▸ **Your objective**
Nothing but the lines from the one holding "Paris Skyline Italy" through the last line of the material below should be set down, exactly and without images.

▸ **Data provided**
>>>>

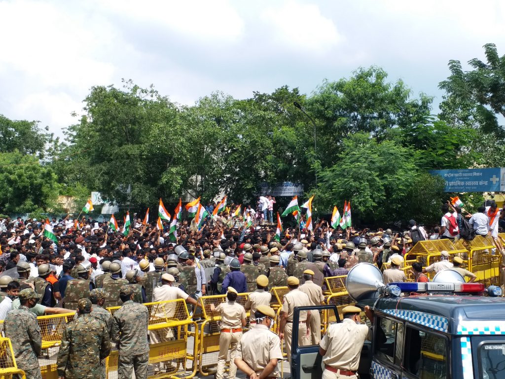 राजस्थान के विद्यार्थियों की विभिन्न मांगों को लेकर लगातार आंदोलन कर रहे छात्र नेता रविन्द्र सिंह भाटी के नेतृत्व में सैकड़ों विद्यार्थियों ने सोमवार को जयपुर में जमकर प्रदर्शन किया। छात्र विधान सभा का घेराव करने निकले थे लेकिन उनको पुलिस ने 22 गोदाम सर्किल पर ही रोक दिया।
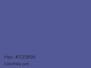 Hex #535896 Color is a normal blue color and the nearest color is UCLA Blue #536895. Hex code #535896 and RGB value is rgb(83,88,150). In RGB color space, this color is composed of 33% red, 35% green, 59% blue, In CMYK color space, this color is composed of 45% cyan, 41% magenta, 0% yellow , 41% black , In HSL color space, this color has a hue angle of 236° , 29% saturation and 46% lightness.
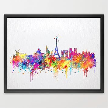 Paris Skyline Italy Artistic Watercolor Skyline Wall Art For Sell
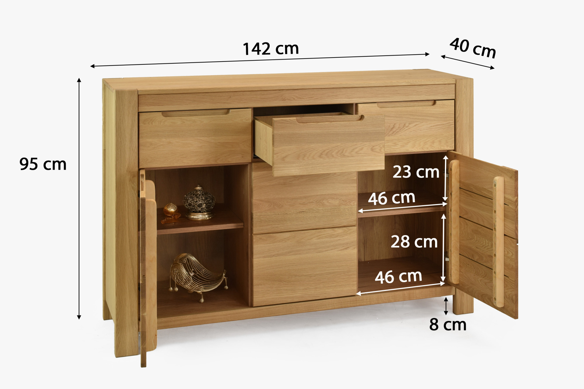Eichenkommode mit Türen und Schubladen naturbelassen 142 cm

<<<<

▸ **Solution for this task**
 Paris Skyline Italy Artistic Watercolor Skyline Wall Art For Sell
Eichenkommode mit Türen und Schubladen naturbelassen 142 cm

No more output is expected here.